We hypothesized that cetuximab and alpelisib would have additive anti-cancer effects in vitro, through selective blocking of the extracellular ligand-binding domain of EGFR by cetuximab, while alpelisib competed for the intracellular catalytic site of PI3K. It has been reported that alpelisib in combination with cetuximab had an overall response rate of 11% and a disease control rate of 54% in cetuximab-resistant HNSCC (25); however, OSCC was not included in this study. The EXTREME trial revealed that the benefit of including cetuximab to platinum-based chemotherapy for patients with HNSCC was more effective in patients with OSCC. However, the results should be interpreted with caution, as this does not suggest that OSCCs would be the only HNSCC tumor types to respond to this type of therapy (2). Therefore, studies with OSCC alone are required. In the present study, both cetuximab and alpelisib inhibited cell invasion and migration potential, and their combined treatment resulted in additive inhibition of OSCC migration and invasion potential compared with that in either agent alone.
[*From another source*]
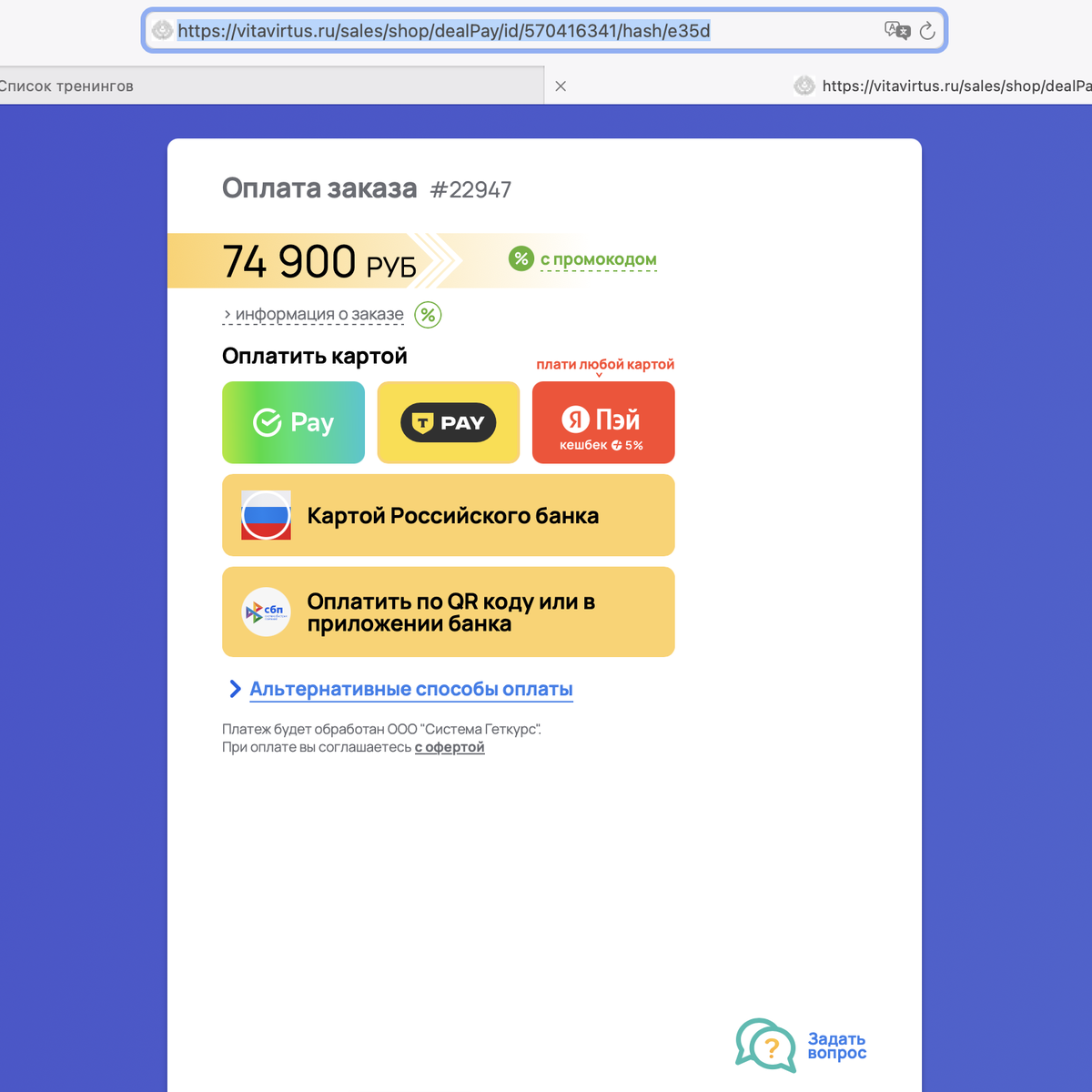 - Теперь, когда промокод применен, копируем из адресной строки браузера ссылку на оплату заказа и отдаем ее другу, если вы сами оформляли заказ с данными друга

In our previous study the inhibition of the PI3K downstream pathway decreased the migration and invasion ability in the HSC-3 cell line (29). Therefore, combined treatment with alpelisib and cetuximab was effective in OSCC invasion in vitro.

The combined treatment of alpelisib and cetuximab markedly inhibited OSCC progression in vivo compared with that in either agent alone; however, there was no significant association with tumor size. This could be due to the antitumor effects of alpelisib or cetuximab alone in the xenograft tumor, which was evident from the decreased protein expression levels of PI3Kp110α from immunohistochemistry analysis.

The immunohistochemical study is retrospective nature and includes a small number of cases from a single institution, which is a limitation to the present study. Therefore, an intergroup study with an increased number of cases is required.

In conclusion, the results of the present study suggest that the PI3K pathway plays an important role in cetuximab-resistant OSCC, and that combined treatment with alpelisib and cetuximab may overcome cetuximab resistance. Previous studies have revealed that, nivolmab, an anti-programmed cell death protein 1 (PD-1) monoclonal antibody, has been recommended as another treatment option for R/M HNSCC (3,30). However, the overall response rate is not high, thus additional treatment options are required. Therefore, novel systemic drug treatment regimens that include PI3K inhibitors are expected to further improve the survival of patients with cetuximab-resistant OSCC in the future.